Dans les lignes qui suivent, le Docteur Jérémi Rouamba, géographe de la santé et chef du
département de géographie de l’Université Joseph Ki-Zerbo de Ouagadougou, nous donne à
comprendre un autre aspect de la vision scientifique de la pandémie actuelle.
Jérémi Rouamba : La géographie de la santé est une branche de la géographie. Elle fait partie
des sciences humaines. Henry Picheral, (géographe de la santé français) a défini la géographie
de la santé comme étant une « étude globale et spatiale de la qualité de la santé des
populations, de leurs comportements et des facteurs de leur environnement (physique,
biologique, social, économique, culturel) qui concourent à la promotion ou à la dégradation de
leur santé ».
En d’autres termes, la géographie de la santé recherche le rôle pathogène du milieu en étudiant
les discontinuités spatiales des phénomènes liés à la santé des populations. A la différence de la
médecine, la géographie à l’instar des autres sciences humaines (Histoire, Sociologie,
Psychologie, Philosophie…) met la santé et non la maladie au milieu de la réflexion.
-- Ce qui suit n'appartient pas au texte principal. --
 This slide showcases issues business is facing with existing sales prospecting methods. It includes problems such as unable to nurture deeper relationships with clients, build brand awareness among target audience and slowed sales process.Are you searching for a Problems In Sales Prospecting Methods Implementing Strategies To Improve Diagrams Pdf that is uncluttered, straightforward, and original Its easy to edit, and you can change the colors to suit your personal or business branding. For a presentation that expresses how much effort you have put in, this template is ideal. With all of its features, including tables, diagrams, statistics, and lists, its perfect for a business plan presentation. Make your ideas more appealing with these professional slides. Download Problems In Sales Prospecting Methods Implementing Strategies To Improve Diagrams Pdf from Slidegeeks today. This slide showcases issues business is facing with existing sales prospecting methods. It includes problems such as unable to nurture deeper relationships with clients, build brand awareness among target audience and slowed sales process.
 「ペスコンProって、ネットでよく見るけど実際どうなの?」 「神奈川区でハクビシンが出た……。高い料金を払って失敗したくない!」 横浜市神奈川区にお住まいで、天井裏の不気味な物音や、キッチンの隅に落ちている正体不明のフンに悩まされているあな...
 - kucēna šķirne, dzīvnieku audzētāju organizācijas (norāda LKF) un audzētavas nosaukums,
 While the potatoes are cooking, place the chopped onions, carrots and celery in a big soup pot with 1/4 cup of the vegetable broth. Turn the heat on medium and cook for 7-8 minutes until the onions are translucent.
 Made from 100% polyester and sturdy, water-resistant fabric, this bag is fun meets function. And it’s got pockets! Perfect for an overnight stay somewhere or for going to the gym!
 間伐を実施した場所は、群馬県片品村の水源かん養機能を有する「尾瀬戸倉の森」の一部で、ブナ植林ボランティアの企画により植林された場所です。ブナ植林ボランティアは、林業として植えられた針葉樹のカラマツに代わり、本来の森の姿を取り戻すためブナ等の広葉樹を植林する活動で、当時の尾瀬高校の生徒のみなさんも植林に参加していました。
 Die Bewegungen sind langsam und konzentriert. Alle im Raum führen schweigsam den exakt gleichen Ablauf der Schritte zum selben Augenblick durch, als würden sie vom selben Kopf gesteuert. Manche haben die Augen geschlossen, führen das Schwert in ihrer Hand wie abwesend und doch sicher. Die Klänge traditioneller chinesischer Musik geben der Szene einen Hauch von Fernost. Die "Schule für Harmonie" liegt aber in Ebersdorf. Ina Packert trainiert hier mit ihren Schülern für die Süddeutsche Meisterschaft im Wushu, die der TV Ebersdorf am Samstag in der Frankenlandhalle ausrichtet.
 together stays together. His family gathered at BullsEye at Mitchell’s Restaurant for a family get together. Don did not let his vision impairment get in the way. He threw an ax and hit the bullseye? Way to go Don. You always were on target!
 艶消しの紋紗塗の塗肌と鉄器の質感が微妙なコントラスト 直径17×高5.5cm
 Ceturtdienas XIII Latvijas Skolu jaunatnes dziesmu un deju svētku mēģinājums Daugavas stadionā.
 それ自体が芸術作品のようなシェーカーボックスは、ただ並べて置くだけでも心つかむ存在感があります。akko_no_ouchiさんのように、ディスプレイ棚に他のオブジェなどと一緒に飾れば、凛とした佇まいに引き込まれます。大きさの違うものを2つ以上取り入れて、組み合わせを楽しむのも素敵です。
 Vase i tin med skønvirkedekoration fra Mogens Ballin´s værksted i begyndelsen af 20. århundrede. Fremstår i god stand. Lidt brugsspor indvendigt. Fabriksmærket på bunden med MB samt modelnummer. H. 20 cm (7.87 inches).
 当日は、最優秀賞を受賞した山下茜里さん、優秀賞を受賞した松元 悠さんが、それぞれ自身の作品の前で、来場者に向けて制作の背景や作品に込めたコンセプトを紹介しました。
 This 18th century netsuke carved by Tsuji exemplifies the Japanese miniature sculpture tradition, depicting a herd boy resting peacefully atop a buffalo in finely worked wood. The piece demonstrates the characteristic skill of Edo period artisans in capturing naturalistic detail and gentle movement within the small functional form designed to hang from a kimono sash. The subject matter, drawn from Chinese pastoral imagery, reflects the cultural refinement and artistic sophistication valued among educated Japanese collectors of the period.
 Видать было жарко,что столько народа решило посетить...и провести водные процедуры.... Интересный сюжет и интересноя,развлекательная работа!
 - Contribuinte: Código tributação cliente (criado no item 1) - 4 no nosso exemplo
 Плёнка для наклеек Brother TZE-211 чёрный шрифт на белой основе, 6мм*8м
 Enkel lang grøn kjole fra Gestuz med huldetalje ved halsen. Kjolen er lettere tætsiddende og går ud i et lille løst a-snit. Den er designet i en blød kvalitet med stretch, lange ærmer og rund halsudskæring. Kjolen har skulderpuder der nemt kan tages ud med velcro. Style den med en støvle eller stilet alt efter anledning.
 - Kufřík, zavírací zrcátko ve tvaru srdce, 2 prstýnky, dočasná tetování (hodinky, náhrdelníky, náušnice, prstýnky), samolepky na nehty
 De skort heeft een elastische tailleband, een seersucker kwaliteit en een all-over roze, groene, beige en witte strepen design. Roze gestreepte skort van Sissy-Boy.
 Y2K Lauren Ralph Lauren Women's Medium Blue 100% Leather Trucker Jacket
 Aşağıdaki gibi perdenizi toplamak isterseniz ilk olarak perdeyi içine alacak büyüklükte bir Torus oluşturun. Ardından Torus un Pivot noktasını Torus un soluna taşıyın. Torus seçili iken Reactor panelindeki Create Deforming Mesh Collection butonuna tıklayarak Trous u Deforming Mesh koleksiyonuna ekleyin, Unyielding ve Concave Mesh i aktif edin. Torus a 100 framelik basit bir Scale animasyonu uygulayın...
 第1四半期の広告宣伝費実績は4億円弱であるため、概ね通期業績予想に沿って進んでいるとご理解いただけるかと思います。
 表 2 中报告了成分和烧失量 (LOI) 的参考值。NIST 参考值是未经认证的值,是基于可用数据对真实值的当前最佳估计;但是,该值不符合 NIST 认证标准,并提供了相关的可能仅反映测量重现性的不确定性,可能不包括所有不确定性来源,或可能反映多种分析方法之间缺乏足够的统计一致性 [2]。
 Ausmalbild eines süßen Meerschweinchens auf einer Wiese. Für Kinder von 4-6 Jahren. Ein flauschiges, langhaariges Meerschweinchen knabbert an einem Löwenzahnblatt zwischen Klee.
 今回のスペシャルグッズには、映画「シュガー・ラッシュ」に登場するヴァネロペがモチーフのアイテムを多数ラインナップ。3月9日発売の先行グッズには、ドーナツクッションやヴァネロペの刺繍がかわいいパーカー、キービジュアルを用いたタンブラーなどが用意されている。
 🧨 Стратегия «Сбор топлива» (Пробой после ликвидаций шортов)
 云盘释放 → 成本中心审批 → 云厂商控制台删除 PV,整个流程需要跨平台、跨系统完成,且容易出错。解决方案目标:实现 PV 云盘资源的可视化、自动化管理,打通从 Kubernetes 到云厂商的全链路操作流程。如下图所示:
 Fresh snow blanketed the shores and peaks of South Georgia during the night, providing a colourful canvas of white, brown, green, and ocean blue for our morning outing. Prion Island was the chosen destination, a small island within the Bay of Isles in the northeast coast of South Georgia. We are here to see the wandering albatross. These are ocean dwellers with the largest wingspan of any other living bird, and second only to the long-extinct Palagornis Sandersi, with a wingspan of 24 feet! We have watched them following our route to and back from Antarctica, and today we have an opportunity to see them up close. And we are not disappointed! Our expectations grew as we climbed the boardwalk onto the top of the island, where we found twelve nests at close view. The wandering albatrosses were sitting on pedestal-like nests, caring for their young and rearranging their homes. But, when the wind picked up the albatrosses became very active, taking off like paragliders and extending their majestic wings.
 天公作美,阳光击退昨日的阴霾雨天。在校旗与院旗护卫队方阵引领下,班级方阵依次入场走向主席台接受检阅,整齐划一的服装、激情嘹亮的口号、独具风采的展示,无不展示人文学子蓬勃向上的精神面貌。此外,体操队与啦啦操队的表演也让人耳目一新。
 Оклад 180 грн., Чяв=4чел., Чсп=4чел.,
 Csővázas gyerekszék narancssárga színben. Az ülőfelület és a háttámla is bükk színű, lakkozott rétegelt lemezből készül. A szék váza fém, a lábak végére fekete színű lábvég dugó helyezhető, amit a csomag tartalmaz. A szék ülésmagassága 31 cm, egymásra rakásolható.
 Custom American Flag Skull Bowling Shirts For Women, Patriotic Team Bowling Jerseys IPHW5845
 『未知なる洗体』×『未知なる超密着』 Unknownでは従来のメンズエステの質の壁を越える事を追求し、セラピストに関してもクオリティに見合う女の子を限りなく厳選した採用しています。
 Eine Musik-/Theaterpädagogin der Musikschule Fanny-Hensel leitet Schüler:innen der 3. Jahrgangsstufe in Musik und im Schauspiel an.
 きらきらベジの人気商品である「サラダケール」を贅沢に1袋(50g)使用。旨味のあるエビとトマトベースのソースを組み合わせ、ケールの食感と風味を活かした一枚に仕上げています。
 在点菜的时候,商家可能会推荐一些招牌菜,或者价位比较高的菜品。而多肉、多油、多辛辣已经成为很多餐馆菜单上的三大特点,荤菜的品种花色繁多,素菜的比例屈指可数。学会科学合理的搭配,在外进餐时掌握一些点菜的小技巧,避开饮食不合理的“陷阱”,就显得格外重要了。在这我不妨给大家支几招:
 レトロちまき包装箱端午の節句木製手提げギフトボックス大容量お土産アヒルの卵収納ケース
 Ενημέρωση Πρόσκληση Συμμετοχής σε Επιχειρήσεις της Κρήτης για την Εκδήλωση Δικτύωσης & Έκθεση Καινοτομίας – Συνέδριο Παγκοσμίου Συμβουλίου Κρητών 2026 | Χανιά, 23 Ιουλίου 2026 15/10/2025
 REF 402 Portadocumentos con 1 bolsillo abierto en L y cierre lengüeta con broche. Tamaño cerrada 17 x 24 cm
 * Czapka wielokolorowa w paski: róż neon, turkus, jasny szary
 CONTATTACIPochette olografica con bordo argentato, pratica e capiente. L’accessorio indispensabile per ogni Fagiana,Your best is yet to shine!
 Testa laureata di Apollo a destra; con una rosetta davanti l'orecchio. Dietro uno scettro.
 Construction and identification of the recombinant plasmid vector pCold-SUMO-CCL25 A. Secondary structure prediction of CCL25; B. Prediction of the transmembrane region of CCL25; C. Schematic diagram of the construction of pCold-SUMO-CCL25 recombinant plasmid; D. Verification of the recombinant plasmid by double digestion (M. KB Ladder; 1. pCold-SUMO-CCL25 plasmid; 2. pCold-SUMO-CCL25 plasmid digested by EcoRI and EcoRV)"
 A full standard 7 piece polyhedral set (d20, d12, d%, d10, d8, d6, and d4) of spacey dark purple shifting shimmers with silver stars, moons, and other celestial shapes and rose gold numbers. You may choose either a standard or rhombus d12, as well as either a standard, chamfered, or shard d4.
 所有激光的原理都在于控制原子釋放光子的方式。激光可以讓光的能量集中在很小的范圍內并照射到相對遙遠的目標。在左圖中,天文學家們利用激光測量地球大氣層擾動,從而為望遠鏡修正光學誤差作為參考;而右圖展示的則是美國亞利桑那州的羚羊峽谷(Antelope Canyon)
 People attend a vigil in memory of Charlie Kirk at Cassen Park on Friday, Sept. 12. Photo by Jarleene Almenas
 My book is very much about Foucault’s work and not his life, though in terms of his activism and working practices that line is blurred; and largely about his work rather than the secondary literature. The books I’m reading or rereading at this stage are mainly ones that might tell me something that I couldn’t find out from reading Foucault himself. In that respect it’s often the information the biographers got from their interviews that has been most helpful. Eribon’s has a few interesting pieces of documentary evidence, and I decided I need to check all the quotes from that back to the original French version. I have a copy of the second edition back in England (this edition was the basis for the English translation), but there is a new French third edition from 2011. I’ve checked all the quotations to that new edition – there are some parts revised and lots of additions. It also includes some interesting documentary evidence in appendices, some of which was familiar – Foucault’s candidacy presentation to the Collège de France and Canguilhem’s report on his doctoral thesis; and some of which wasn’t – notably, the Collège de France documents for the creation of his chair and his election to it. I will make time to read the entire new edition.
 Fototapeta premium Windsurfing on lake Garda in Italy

Quelle que soit la maladie, le questionnement principal en géographie de la santé est le suivant :
où ? Pourquoi, ici et pas ailleurs ? La géographie de la santé a trois objets d’étude que sont :
La santé (en partage avec la médecine)
L’homme (en partage avec les autres sciences humaines)
L’espace (qui lui est propre)
L’essor de la Géographie de la santé dans le monde date du 19è siècle. Au Burkina Faso la
géographie de la santé est relativement récente (années 1990).
Oui à travers les enseignements, de plus en plus d’étudiants s’intéressent à cette discipline et
choisissent des thèmes en rapport avec la santé dans le cadre de leurs travaux de mémoire de
Master ou de thèse de doctorat.
Et les décideurs ? Je veux parler des gouvernants : sont-ils sensibles à votre démarche et
aux résultats issus de vos travaux de recherche ?
Les outils d’aide à la décision que sont les SIG, systèmes d’information géographique, offrent une
bonne lisibilité aux travaux de recherche dans le domaine de la santé. Les gouvernants ont
souvent recours aux travaux de cartographie, cependant l’approche géographique de la santé ne
se résume pas uniquement à la production de cartes.
Dans un contexte de crise sanitaire mondiale tel que celui du covid-19, quel peut-être
l’apport de la géographie de la santé ?
Cet apport peut être important. Dans ce sens, nous avons dans une initiative portée par notre
Laboratoire d’Etudes et de Recherche sur les Milieux et Territoires (LERMIT), élaboré un
protocole en vue de proposer une contribution géographique (analyse spatiale des cas de
COVID19) dans la lutte contre la maladie.
Ce n’est pas la première fois dans l’histoire de l’humanité que le monde fait face à des
crises de ce genre. Quelle est selon vous la particularité de celle-ci et comment le
géographe que vous êtes, voit l’après covid-19 ?
La particularité de cette crise réside dans le fait que les positionnements géopolitiques ont pris le
pas sur la gestion sanitaire au début de la crise. Dès l’apparition de la maladie, le virus est
qualifié de" virus chinois". C’était donc l’affaire des Chinois. Les pays occidentaux ont eu la
mauvaise idée de rapatrier leurs ressortissants, oubliant que le virus est hautement transmissible
et sans frontière. Pour nous, l’après covid-19 ouvrira une autre perspective dans la marche du
monde. Nous sommes dans un monde planétaire et une crise sanitaire devient l’affaire de tous.
Personne n’oubliera cela !
Pour l’Afrique l’après covid-19 doit être une victoire contre la fatalité, une sorte de renaissance
car pour une fois, on aura déjoué les pronostics.